The enthalpy of atomisation for the reaction $\mathrm{CH}_4(\mathrm{~g}) \rightarrow \mathrm{C}(\mathrm{g})+4 \mathrm{H}(\mathrm{g})$ is $1665 \mathrm{~kJ} \mathrm{~mol}^{-1}$. What is the bond energy of $\mathrm{C}-\mathrm{H}$ bond?
In $\mathrm{CH}_4$, there are four $\mathrm{C}-\mathrm{H}$ bonds. The enthalpy of atomisation of 1 mole of $\mathrm{CH}_4$ means dissociation of four moles of $\mathrm{C}-\mathrm{H}$ bond.
$$\begin{aligned} \therefore \quad \mathrm{C}-\mathrm{H} \text { bond energy per } \mathrm{mol} & =\frac{1665 \mathrm{~kJ}}{4 \mathrm{~mol}} \\ & =416.25 \mathrm{~kJ} \mathrm{~mol}^{-1} \end{aligned}$$
Use the following data to calculate $\Delta_{\text {lattice }} H^{\mathrm{s}}$ for $\mathrm{NaBr} . \Delta_{\text {sub }} H^{\mathrm{s}}$ for sodium metal $=108.4 \mathrm{~kJ} \mathrm{~mol}^{-1}$, ionisation enthalpy of sodium $=496 \mathrm{~kJ} \mathrm{~mol}^{-1}$, electron gain enthalpy of bromine $=-325 \mathrm{~kJ} \mathrm{~mol}^{-1}$, bond dissociation enthalpy of bromine $=192 \mathrm{~kJ} \mathrm{~mol}^{-1}, \Delta_f H^{\mathrm{s}}$ for $\mathrm{NaBr}(s)=-360.1 \mathrm{~kJ} \mathrm{~mol}^{-1}$
Given that, $\Delta_{\text {sub }} H^5$ for Na metal $=108.4 \mathrm{k} \mathrm{J} \mathrm{mol}^{-1}$
IE of $\mathrm{Na}=496 \mathrm{~kJ} \mathrm{~mol}^{-1}, \Delta_{\text {eg }} H^{\mathrm{s}}$ of $\mathrm{Br}=-325 \mathrm{~kJ} \mathrm{~mol}^{-1}, \Delta_{\text {diss }} H^{\mathrm{s}}$ of $\mathrm{Br}=192 \mathrm{~kJ} \mathrm{~mol}^{-1}, \Delta_f H^{\mathrm{s}}$ for $\mathrm{NaBr}=-360.1 \mathrm{~kJ} \mathrm{~mol}^{-1}$
Born-Haber cycle for the formation of NaBr is as
By applying Hess's law,
$$\begin{aligned} \Delta_f H^{\mathrm{s}} & =\Delta_{\text {sub }} H^{\mathrm{s}}+I E+\Delta_{\text {diss }} H^{\mathrm{s}}+\Delta_{\text {eg }} H^{\mathrm{s}}+U \\ -360.1 & =108.4+496+96+(-325)-U \\ U & =+735.5 \mathrm{~kJ} \mathrm{~mol}^{-1} \end{aligned}$$
Given that $\Delta H=0$ for mixing of two gases. Explain whether the diffusion of these gases into each other in a closed container is a spontaneous process or not?
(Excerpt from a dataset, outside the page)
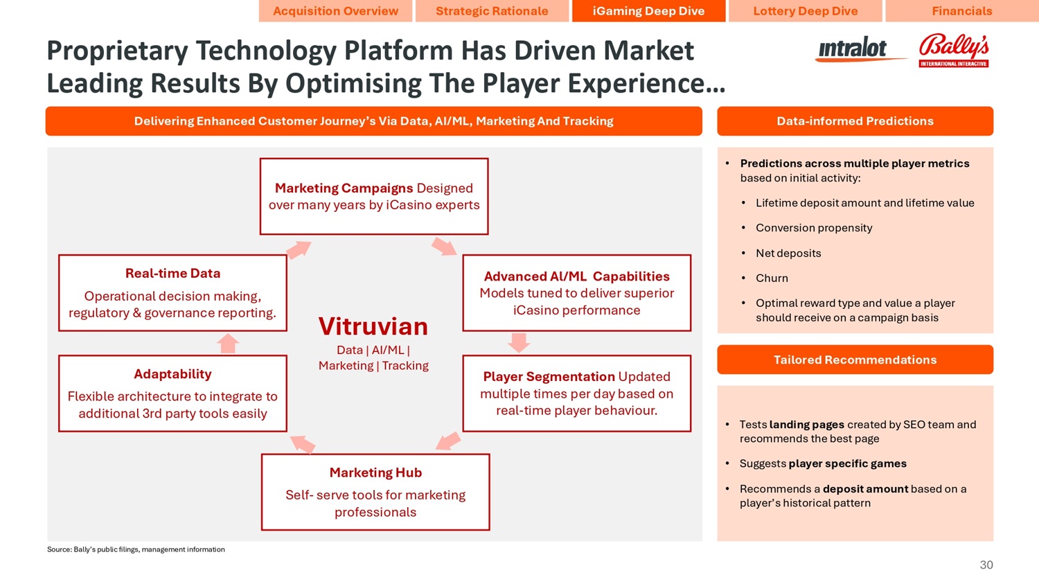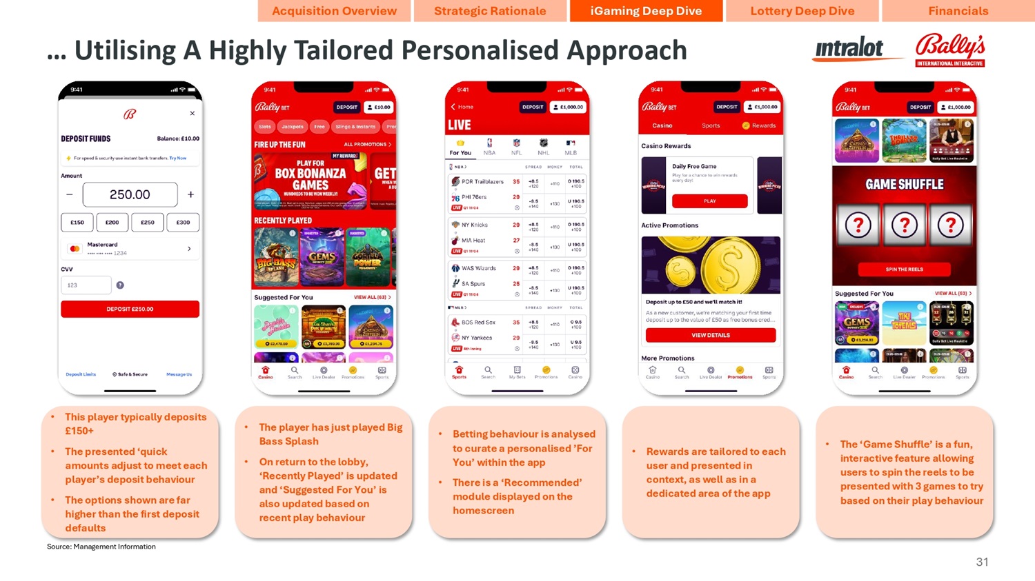 Proprietary Technology Platform Has Driven Market Leading Results By Optimising The Player Experience… Advanced Al/ML Capabilities Models tuned to deliver superior iCasino performance Player Segmentation Updated multiple times per day based on real - time player behaviour. Adaptability Flexible architecture to integrate to additional 3rd party tools easily Real - time Data Operational decision making, regulatory C governance reporting. Marketing Campaigns Designed over many years by iCasino experts Marketing Hub Self - serve tools for marketing professionals Vitruvian Data | AI/ML | Marketing | Tracking • Tests landing pages created by SEO team and recommends the best page • Suggests player specific games • Recommends a deposit amount based on a player’s historical pattern • Predictions across multiple player metrics based on initial activity: • Lifetime deposit amount and lifetime value • Conversion propensity • Net deposits • Churn • Optimal reward type and value a player should receive on a campaign basis 30 Delivering Enhanced Custoner Journey’s Via Data, AI/ML, Marketing And Tracking Data - informed Predictions Tailored Recommendations Source: Bally’s public filings, management information Financials Lottery Deep Dive iGaming Deep Dive Strategic Rationale Acquisition Overview

The mixing of two gases have $\Delta H$ equal to zero. Therefore, it is spontaneous process because energy factor has no role to play but randomness increases i.e., randomness factor favours the process.
Heat has randomising influence on a system and temperature is the measure of average chaotic motion of particles in the system. Write the mathematical relation which relates these three parameters.
Heat has randomising influence on a system and temperature is the measure of average chaotic motion of particles in the system. The mathematical relation which relates these three parameters is
$$\Delta S=\frac{q_{\mathrm{rev}}}{T}$$
Here, $\quad \Delta S=$ change in entropy
$$\begin{aligned} \mathrm{q}_{\mathrm{rev}} & =\text { heat of reversible reaction } \\ T & =\text { temperature } \end{aligned}$$
Increase in enthalpy of the surroundings is equal to decrease in enthalpy of the system. Will the temperature of system and surroundings be the same when they are in thermal equilibrium?
Yes, the temperature of system and surroundings be the same when they are in thermal equilibrium.